Using payroll software can help to simplify the way you assess your staff and provide details about them to your pension provider. The software you use must work with your chosen pension scheme and be able to carry out the auto enrolment tasks you need to remain compliant. Help Me Auto Enrol offers a cost effective Payroll & AE software solution to help you take the hassle out of coordinating these systems and guarantee ongoing compliance.

15. Q: What happens if I’m not in compliance with the pension regulations?

If you fail to set up a workplace pension scheme or fail to properly administrate a scheme and keep your records updated, you risk penalties from the pension regulator. These include a warning or compliance notice, fixed penalty notices of £400 and escalating penalty notices with a maximum rate of £10,000 per day.

16. Q: Are the contributions I have to pay taken before or after tax deductions are made?

Pension contributions are taken from an employee’s gross earnings, before tax is assessed or deducted.

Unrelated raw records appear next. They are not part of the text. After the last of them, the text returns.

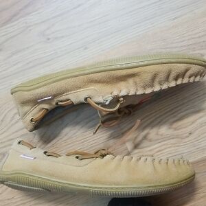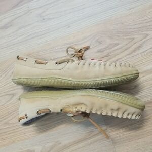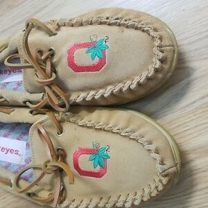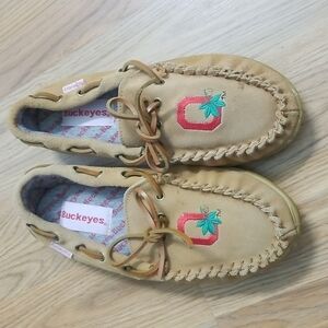 Ohio State Leather Moccasin Boat Shoes. These hard soled shoes in a tan leather with outside laced and tie. Cushioned insole. O and Buckeye Leaf logo stitched on. Size Womens 7/8. GUC.
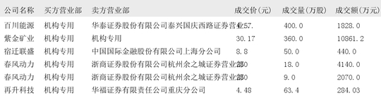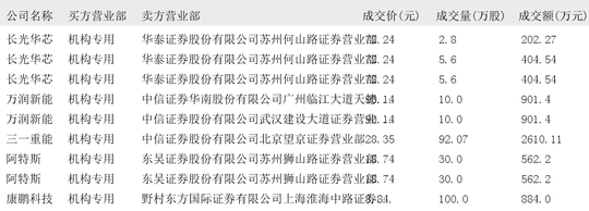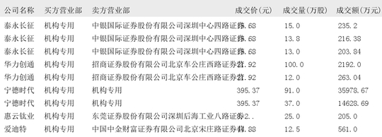 今日大宗交易榜单中出现机构买入席位的个股为:华兰生物、章源钨业、荣盛石化、东诚药业、浙农股份、泰永长征、华力创通、宁德时代、惠云钛业、爱迪特、百川能源、紫金矿业、宿迁联盛、春风动力、再升科技、长光华芯、万润新能、三一重能、阿特斯、康鹏科技、宏远股份。
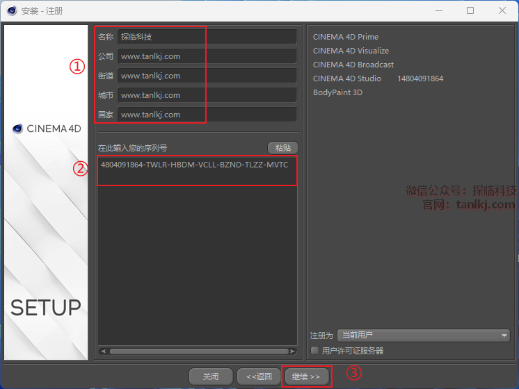 ①输入【名称、公司、街道、城市、国家】(可随意填写);
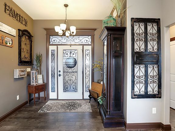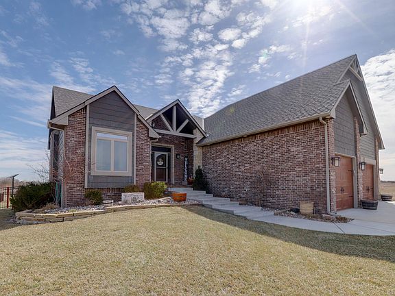 Welcome to your dream home nestled on 6.81 acres of picturesque landscape with breathtaking views facing east towards the Ninescah River and a serene tree row adorned with a tranquil pond and a charming windmill that aerates the pond. This stunning ranch-style residence offers an abundance of luxurious amenities and ample space for comfortable living and entertaining. As you step inside, you'll be greeted by almost 3200 square feet of meticulously finished living space, featuring five bedrooms and three bathrooms. The main floor boasts 10-foot ceilings, enhancing the sense of spaciousness and elegance throughout. The heart of the home is the expansive kitchen, complete with granite countertops, an oversized island, and top-of-the-line appliances including an induction stove top and a convenient pot filler. Built-in storage cabinets add both functionality and style to the island, while a walk-in pantry provides ample storage space. The main floor living room is adorned with a cozy wood-burning fireplace, perfect for chilly evenings, while wood laminate flooring adds warmth and character to the living space. Retreat to the sprawling master suite, measuring 26x14, which offers a luxurious sanctuary with a spacious primary bathroom featuring a large shower, double sinks, water closet, and a linen closet. The primary closet conveniently connects to the main floor laundry room for added convenience. Venture downstairs to the finished view-out basement, where you'll find nine-foot ceilings, a wood stove with a blower, and a wet bar, creating the ideal space for relaxation and entertaining. Two additional bedrooms and a bathroom provide plenty of room for guests or family members. Step outside to enjoy the expansive east-facing backyard, complete with a covered maintenance-free deck overlooking the stunning views towards the Ninescah River. The property is complemented by a 60x40 outbuilding, featuring a 16-foot door, a 12-foot door, and a loft, perfect for storing vehicles, equipment, or creating a workshop. The outbuilding is equipped with 50 amp and waste station for RV, along with an 8" thick rebar concrete floor with electricity. Other notable features of this exceptional property include an attached three-car oversized garage with insulated garage doors and hot/ cold water hookups, a sprinkler system around the house, an irrigation well, and a fenced yard. An electrical hookup outside is ready for a generator, ensuring peace of mind during power outages. Additionally, a tankless hot water heater provides efficient and endless hot water supply. To top it all off, the hot tub will remain with the home, offering the perfect spot to unwind and soak in the beauty of your surroundings. Don't miss the opportunity to make this extraordinary property your own and experience the ultimate blend of luxury, comfort, and natural beauty. Schedule your private tour today!

They receive the full tax credit for any payment made and the total is credited to the balance of their pension.

17. Q: Are employer and staff contributions refunded if employees choose to opt out of the pension scheme?

If scheme members decide to opt out within the time period stated by the regulations any contributions paid into the trustee account will be returned to their employer. It’s then up to the employer to reimburse any contributions made by the staff member via their payroll system. The employee must be refunded as soon as possible, irrespective of whether the employer has received the reimbursement from the trustee account.

18. Q: Can employers claim corporation tax relief on their contributions?

Yes – your contributions to staff pensions are an allowable business expense.